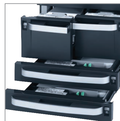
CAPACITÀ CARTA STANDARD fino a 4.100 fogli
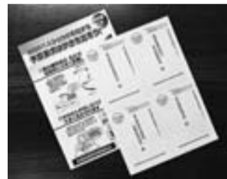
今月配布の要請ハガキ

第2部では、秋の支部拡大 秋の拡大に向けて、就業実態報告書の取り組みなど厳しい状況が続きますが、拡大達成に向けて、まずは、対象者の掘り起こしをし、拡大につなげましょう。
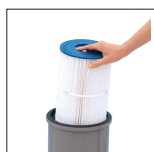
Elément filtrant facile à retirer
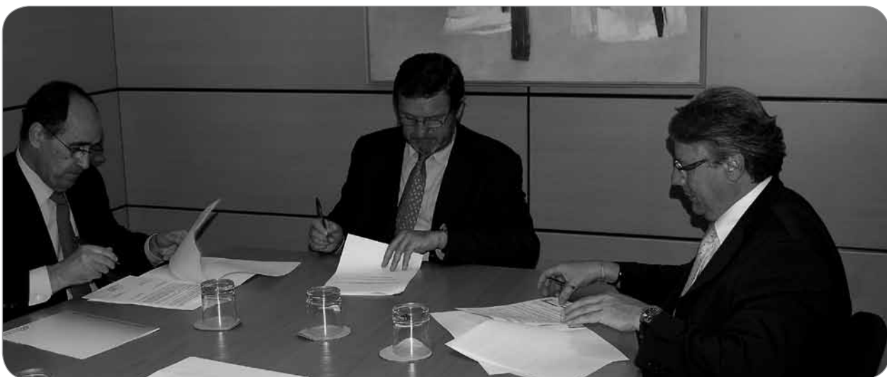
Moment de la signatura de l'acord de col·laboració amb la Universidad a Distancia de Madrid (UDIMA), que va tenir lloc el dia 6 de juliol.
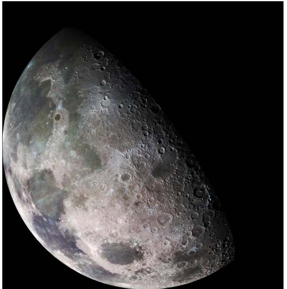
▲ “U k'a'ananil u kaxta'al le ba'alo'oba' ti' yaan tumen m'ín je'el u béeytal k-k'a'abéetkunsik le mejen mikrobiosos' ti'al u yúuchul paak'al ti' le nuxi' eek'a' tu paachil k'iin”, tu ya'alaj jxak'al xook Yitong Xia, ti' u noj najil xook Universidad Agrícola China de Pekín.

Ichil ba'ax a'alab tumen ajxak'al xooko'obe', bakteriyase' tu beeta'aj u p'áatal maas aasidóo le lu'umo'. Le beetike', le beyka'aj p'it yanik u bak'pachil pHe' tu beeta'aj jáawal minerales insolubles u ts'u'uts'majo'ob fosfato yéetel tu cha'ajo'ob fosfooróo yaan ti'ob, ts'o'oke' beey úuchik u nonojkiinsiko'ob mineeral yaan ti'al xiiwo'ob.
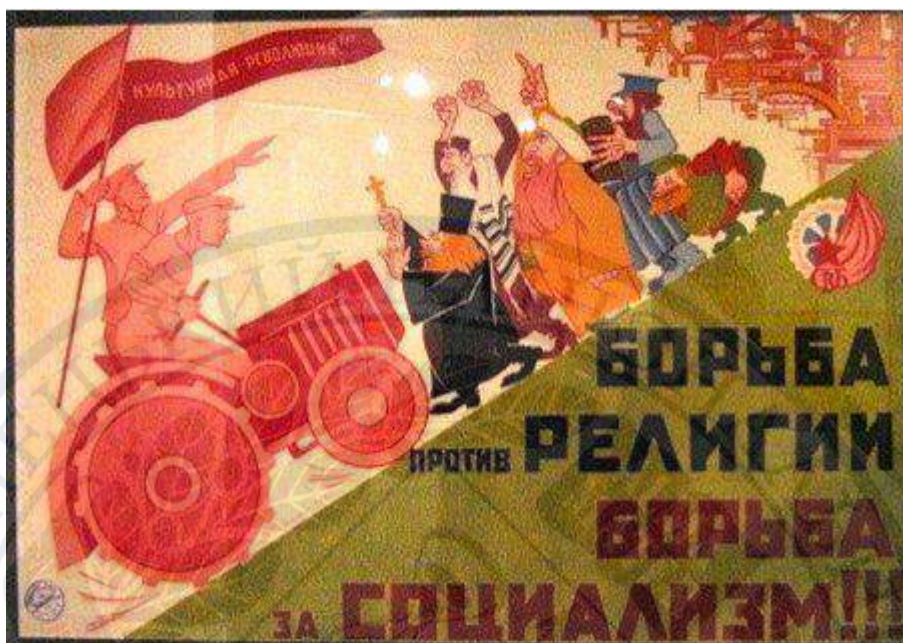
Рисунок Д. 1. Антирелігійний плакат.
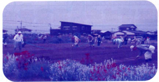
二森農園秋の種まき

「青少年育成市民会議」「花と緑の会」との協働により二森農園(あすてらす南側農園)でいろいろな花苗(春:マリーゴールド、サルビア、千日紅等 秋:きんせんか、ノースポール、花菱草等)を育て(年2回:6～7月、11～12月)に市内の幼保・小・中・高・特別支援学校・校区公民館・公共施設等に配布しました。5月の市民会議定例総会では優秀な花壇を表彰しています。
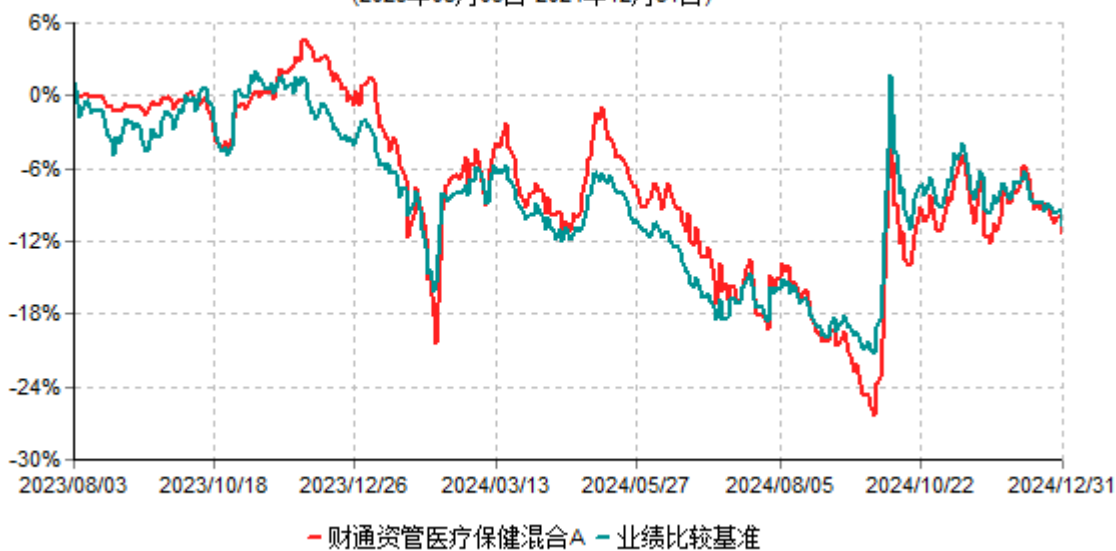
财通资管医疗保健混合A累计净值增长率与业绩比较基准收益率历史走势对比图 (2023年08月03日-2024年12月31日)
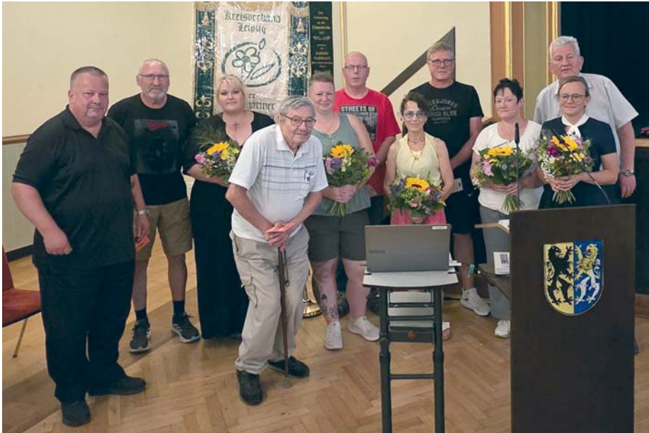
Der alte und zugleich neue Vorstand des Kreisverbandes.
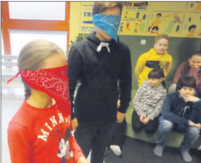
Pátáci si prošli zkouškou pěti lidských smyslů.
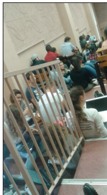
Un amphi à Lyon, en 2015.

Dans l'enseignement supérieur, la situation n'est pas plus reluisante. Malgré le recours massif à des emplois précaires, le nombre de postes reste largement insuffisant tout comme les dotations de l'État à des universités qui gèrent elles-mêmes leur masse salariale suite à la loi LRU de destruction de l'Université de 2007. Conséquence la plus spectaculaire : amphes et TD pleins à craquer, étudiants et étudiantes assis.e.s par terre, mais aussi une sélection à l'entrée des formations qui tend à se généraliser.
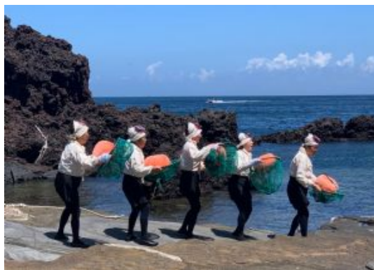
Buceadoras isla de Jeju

_WHAT THE EXERCISE ASKS_: Find the string "yaan" in the entries above. Copy each line where it occurs.

_EXPECTED OUTPUT_:
▲ “U k'a'ananil u kaxta'al le ba'alo'oba' ti' yaan tumen m'ín je'el u béeytal k-k'a'abéetkunsik le mejen mikrobiosos' ti'al u yúuchul paak'al ti' le nuxi' eek'a' tu paachil k'iin”, tu ya'alaj jxak'al xook Yitong Xia, ti' u noj najil xook Universidad Agrícola China de Pekín.
Ichil ba'ax a'alab tumen ajxak'al xooko'obe', bakteriyase' tu beeta'aj u p'áatal maas aasidóo le lu'umo'. Le beetike', le beyka'aj p'it yanik u bak'pachil pHe' tu beeta'aj jáawal minerales insolubles u ts'u'uts'majo'ob fosfato yéetel tu cha'ajo'ob fosfooróo yaan ti'ob, ts'o'oke' beey úuchik u nonojkiinsiko'ob mineeral yaan ti'al xiiwo'ob.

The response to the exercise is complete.